◆ AIM OF THE EXERCISE ◆
Among the records below, find the line with "Пакет фасовочный, пищевой, для" and the line with "- ορθόδοξος - συνήθως". Set down both and every line between, exactly and with no pictures, but nothing else.

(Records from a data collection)

-- -- --

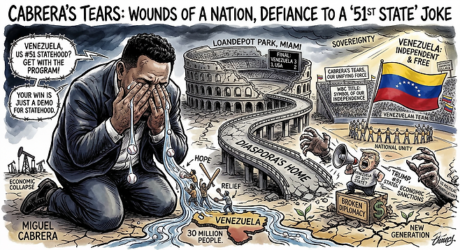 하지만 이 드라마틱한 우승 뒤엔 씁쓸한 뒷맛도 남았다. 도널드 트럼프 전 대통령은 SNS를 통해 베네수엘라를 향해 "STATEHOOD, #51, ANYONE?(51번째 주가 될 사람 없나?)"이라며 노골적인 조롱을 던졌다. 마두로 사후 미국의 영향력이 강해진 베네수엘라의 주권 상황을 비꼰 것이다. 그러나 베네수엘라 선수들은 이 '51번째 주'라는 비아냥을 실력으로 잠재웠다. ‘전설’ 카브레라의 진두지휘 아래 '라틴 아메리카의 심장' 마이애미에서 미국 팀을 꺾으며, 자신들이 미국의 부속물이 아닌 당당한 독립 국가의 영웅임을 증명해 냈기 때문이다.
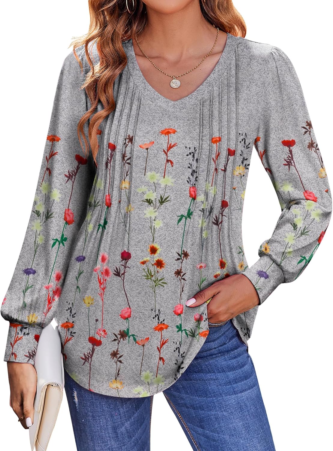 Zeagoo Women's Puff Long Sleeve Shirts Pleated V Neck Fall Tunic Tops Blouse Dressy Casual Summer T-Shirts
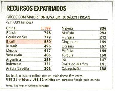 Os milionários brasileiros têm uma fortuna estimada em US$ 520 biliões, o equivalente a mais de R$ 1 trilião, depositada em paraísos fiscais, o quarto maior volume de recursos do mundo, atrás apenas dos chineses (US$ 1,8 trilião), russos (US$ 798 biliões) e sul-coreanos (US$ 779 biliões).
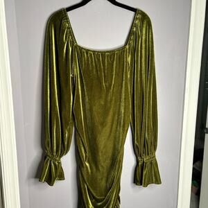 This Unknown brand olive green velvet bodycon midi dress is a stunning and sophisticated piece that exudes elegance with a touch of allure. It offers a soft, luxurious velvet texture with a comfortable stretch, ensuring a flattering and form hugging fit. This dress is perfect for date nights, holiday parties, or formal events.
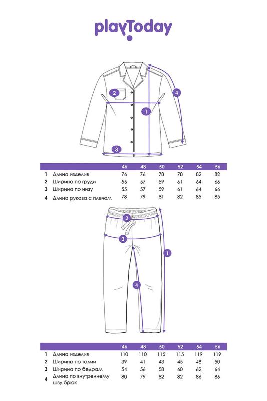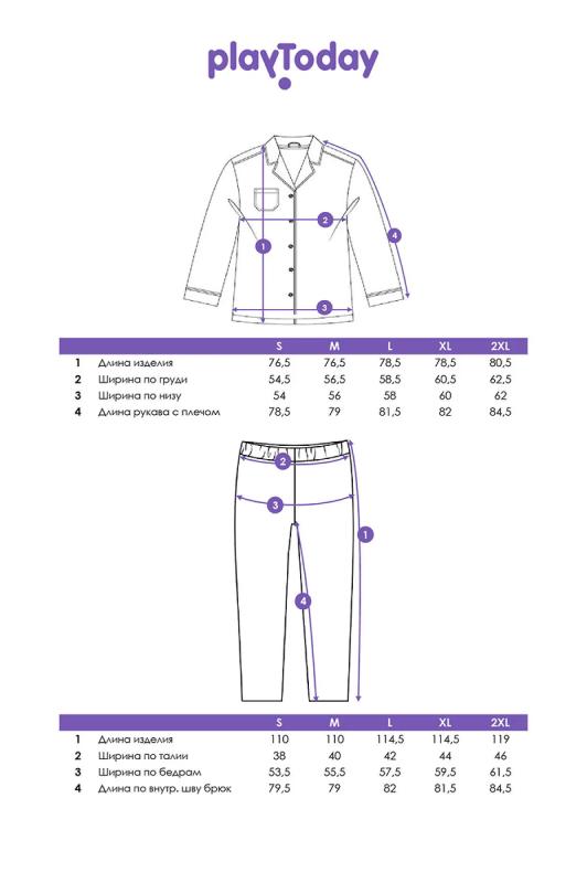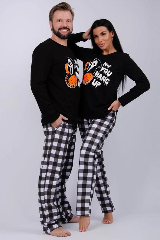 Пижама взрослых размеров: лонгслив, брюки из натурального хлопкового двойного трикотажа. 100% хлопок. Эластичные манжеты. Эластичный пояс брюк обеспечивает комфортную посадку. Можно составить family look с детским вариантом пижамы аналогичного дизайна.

-- -- --

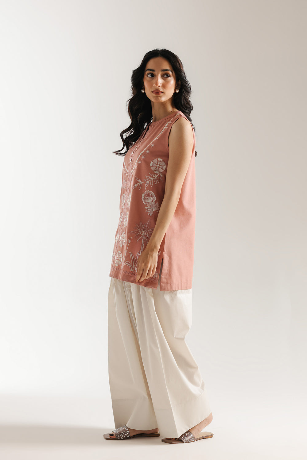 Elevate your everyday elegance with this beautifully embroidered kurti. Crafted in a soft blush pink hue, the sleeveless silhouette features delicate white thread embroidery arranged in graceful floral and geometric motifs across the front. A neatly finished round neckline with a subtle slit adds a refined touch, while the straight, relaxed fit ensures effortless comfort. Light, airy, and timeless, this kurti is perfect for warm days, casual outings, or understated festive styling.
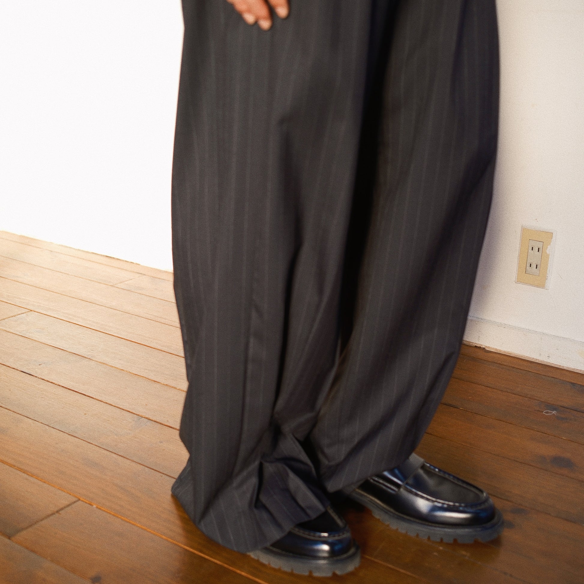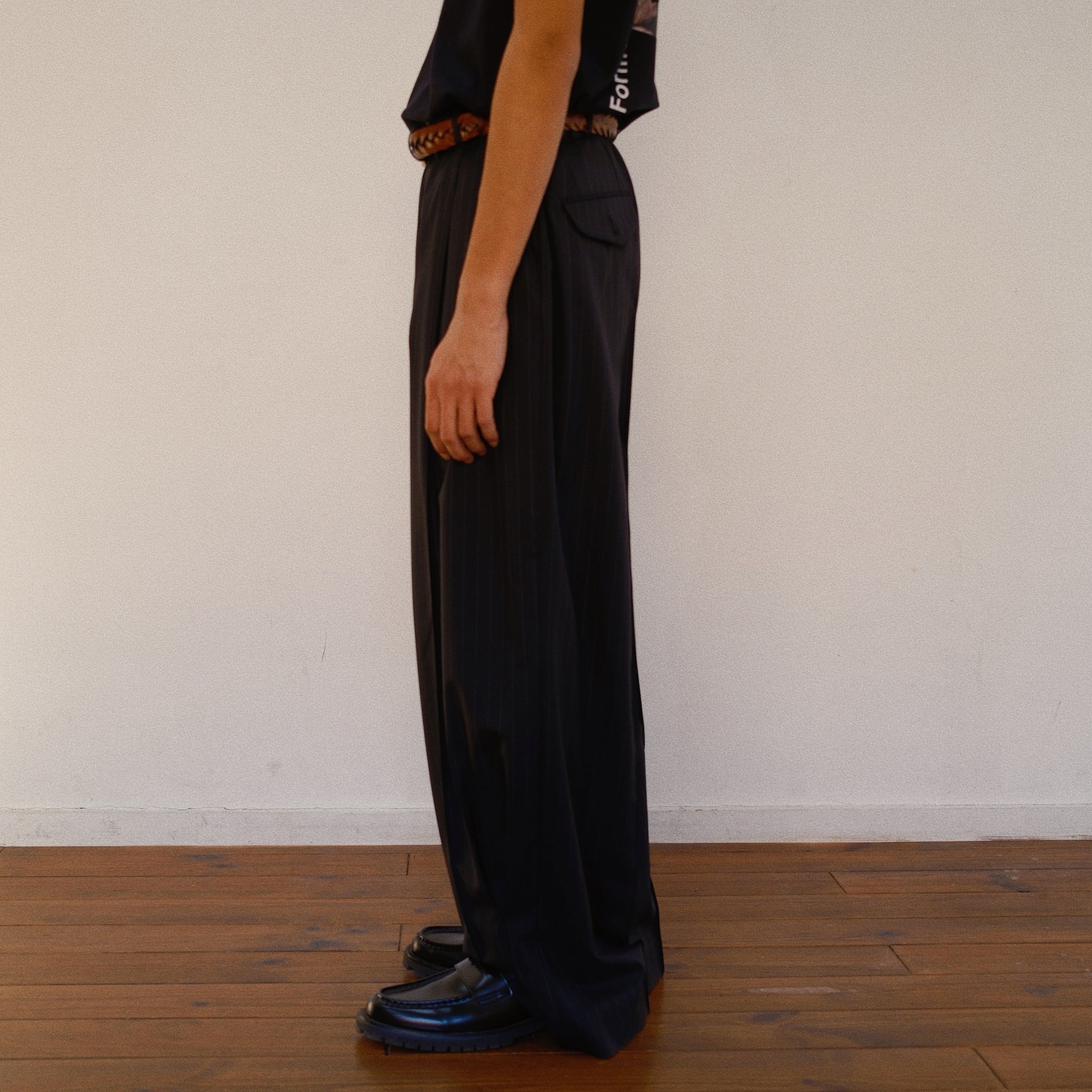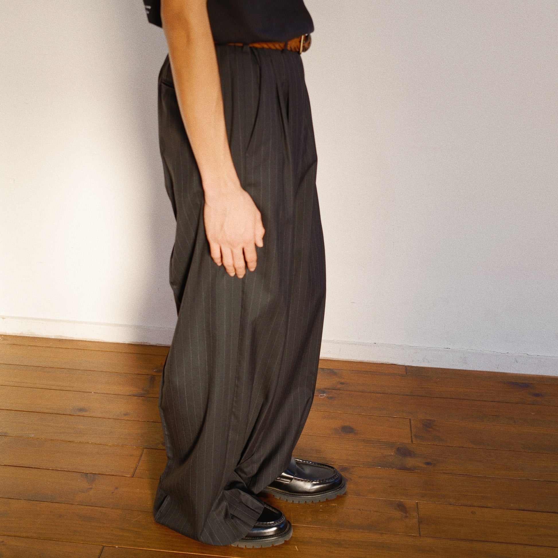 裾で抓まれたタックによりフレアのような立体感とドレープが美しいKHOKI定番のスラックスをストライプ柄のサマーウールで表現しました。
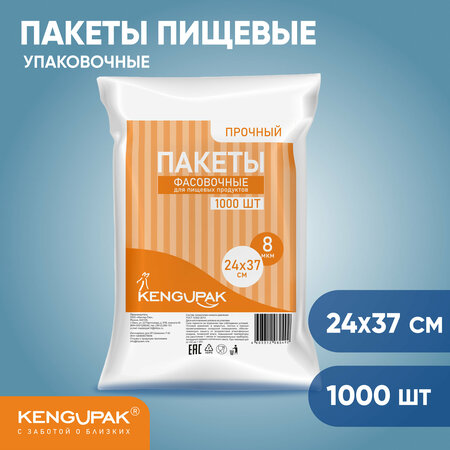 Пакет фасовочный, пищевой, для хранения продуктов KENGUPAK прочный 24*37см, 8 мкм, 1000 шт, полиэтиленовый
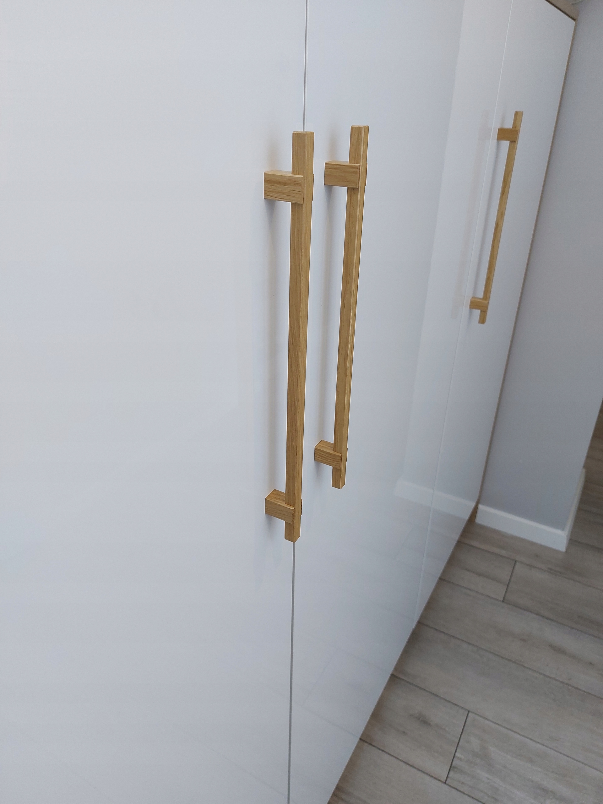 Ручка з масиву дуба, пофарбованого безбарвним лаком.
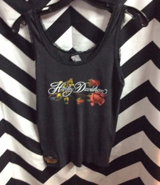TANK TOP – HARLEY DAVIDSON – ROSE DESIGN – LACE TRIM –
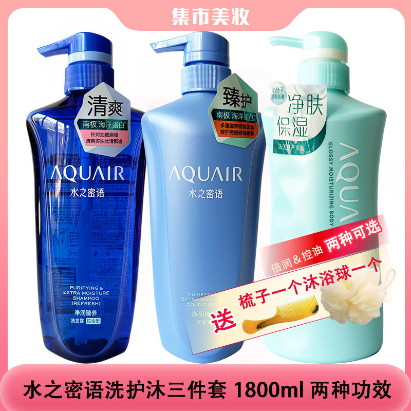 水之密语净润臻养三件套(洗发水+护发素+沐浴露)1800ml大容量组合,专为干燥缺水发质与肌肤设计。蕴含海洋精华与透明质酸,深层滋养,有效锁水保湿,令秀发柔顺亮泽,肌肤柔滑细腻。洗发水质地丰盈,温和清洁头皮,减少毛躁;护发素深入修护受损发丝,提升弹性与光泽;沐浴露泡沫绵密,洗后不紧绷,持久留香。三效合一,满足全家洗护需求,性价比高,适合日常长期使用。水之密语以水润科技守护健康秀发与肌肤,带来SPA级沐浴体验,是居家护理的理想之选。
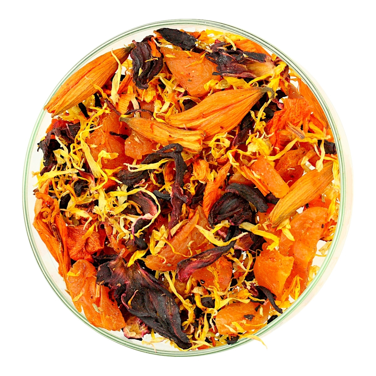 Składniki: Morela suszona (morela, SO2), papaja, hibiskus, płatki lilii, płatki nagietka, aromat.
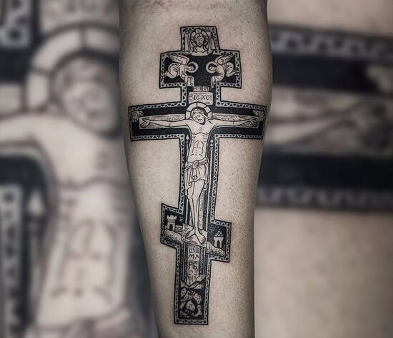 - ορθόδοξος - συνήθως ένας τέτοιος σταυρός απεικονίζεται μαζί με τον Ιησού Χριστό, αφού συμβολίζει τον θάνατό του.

-- -- --

◆ ANSWER SPACE ◆
 Пакет фасовочный, пищевой, для хранения продуктов KENGUPAK прочный 24*37см, 8 мкм, 1000 шт, полиэтиленовый
 Ручка з масиву дуба, пофарбованого безбарвним лаком.
TANK TOP – HARLEY DAVIDSON – ROSE DESIGN – LACE TRIM –
 水之密语净润臻养三件套(洗发水+护发素+沐浴露)1800ml大容量组合,专为干燥缺水发质与肌肤设计。蕴含海洋精华与透明质酸,深层滋养,有效锁水保湿,令秀发柔顺亮泽,肌肤柔滑细腻。洗发水质地丰盈,温和清洁头皮,减少毛躁;护发素深入修护受损发丝,提升弹性与光泽;沐浴露泡沫绵密,洗后不紧绷,持久留香。三效合一,满足全家洗护需求,性价比高,适合日常长期使用。水之密语以水润科技守护健康秀发与肌肤,带来SPA级沐浴体验,是居家护理的理想之选。
 Składniki: Morela suszona (morela, SO2), papaja, hibiskus, płatki lilii, płatki nagietka, aromat.
 - ορθόδοξος - συνήθως ένας τέτοιος σταυρός απεικονίζεται μαζί με τον Ιησού Χριστό, αφού συμβολίζει τον θάνατό του.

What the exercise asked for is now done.